Concluded Cacchione’s report:

The actions of the two [police officers] in this matter were lawfully justified and required to effect the arrest and protect themselves from the actions of [Rao]. Had [Rao] complied with the requests made by the [officers], she would not have been arrested and the injury to her wrist would not have occurred.

Accordingly, there are no grounds for any charges against either officer.

But … if there were no grounds for arresting Rao for shoplifting, did she not have a right to resist her unlawful arrest? But I digress.

Perhaps not surprisingly, Byard raised those cases in his interview with Wright, a veteran provincial Crown attorney.

Wright said he can’t comment specifically on past cases involving SIRT but doesn’t feel any added pressure as a Black person in his role based on his own experience and what he brings to the table.

“As long as I can justify my rationale for whether or not a charge proceeds — as the director of SIRT, on reasonable and probable grounds, and lay a charge — then I’m comfortable that the Black community and others in the community will accept that,” Wright said.

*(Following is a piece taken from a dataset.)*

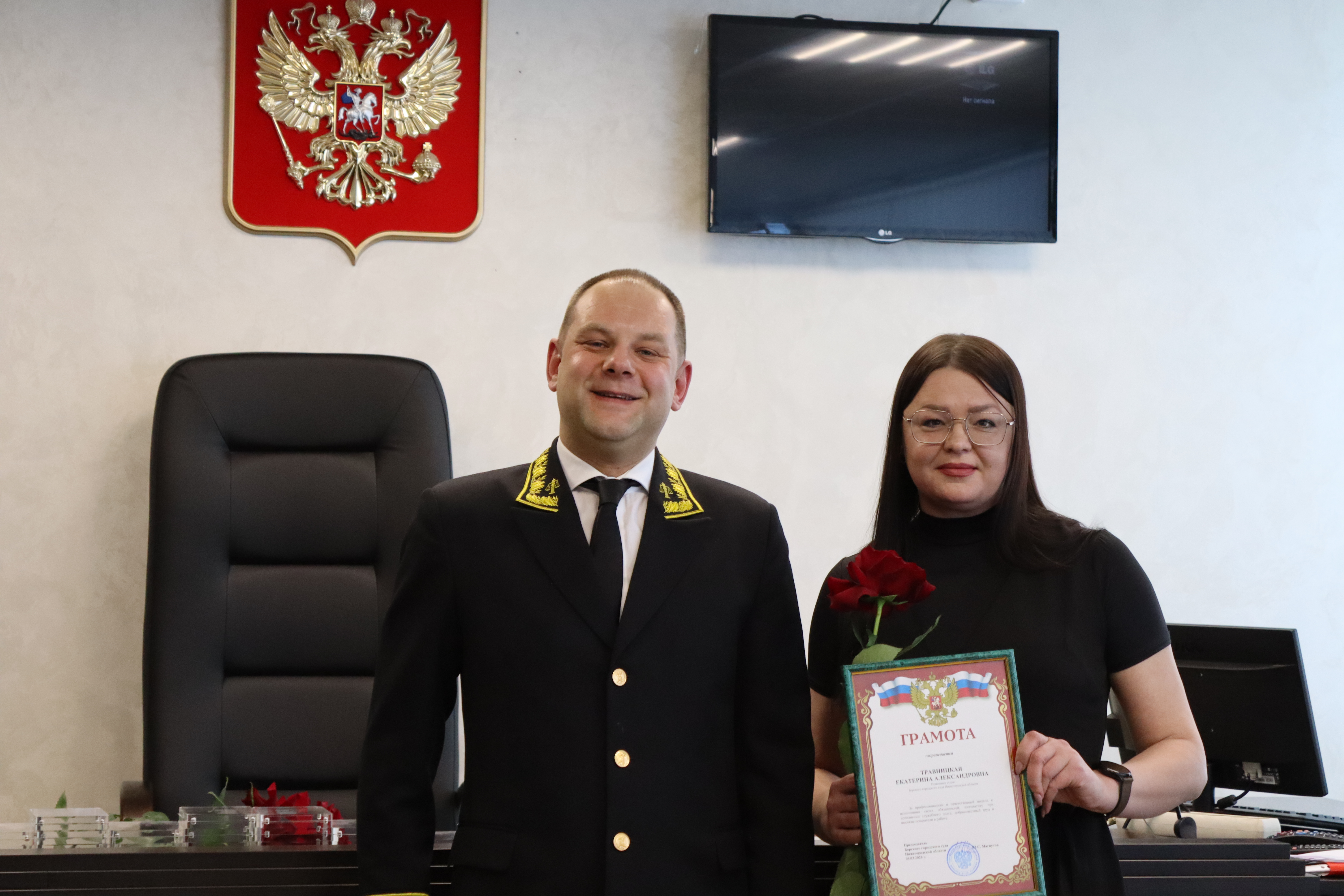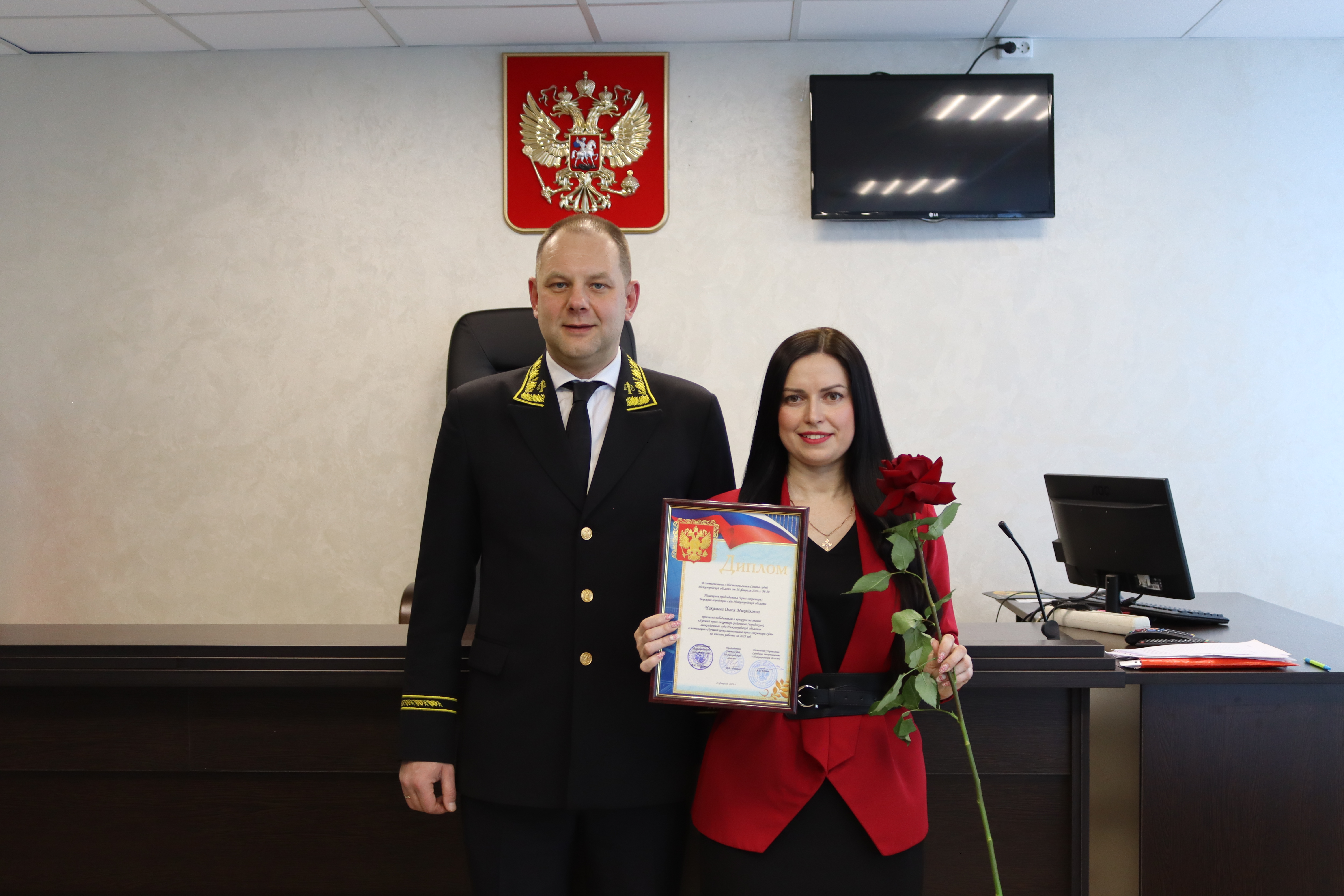 6 марта 2026 года в Борском городском суде Нижегородской области состоялось торжественное собрание, посвящённое празднованию Международного женского дня - 8 Марта. С поздравительными словами к коллективу обратился председатель суда Юрий Магнутов. Он поздравил женщин с наступающим праздником, выразил искреннюю благодарность за профессионализм, ответственный подход к исполнению служебных обязанностей, высокие показатели в работе и пожелал крепкого здоровья, счастья, благополучия и весеннего настроения. Особые слова признательности прозвучали в адрес заместителя председателя Борского городского суда Нижегородской области Марии Бариновой, которую поздравили с выходом в почетную отставку. Отмечена грамотой безупречная и эффективная служебная деятельность помощника судьи Борского городского суда Нижегородской области Екатерины Травницкой, которая достигла повышения по службе и назначения на должность помощника судьи Нижегородского областного суда. Также в ходе мероприятия по итогам работы за 2025 год лучшим сотрудникам аппарата Борского городского суда Нижегородской области вручены дипломы Совета судей Нижегородской области. По итогам конкурса на звание «Лучший работник аппарата районного (городского), межрайонного суда Нижегородской области» (среди судов, имеющих более пяти составов судей) почетным дипломом удостоена начальник отдела приема граждан Борского городского суда Нижегородской области Ирина Бахтина. Победителем в конкурсе на звание «Лучший пресс-секретарь районного (городского) межрайонного суда Нижегородской области» в номинации «Лучший цикл материалов пресс-секретаря суда» признана помощник председателя (пресс-секретарь) Борского городского суда Нижегородской области Олеся Чикалина. Торжественное собрание прошло в тёплой и доброжелательной атмосфере, став прекрасной возможностью выразить слова благодарности женщинам за их труд, профессионализм и преданность выбранному делу.

“And if they can’t, they have every right to ask questions. And I encourage and welcome questions and have me be checked by the members of the Black community, and members of other communities to say, ‘Hey, why didn’t the charge get laid?’ Here’s why it didn’t get laid, or here’s why it’s getting laid.”

That offers an interesting backdrop to Wright’s own most recent SIRT report.

In December 2022, a Dartmouth woman filed a lawsuit claiming that” without warning, or indication of violence, aggression, or threat,” several Halifax police officers had beaten her on the back and the head with a baton as she was being escorted to the drunk tank the year before, in December 2021. The woman’s lawsuit named the city, the police force and the officers involved, identified and unidentified. Around the same time, she filed a formal complaint about her treatment.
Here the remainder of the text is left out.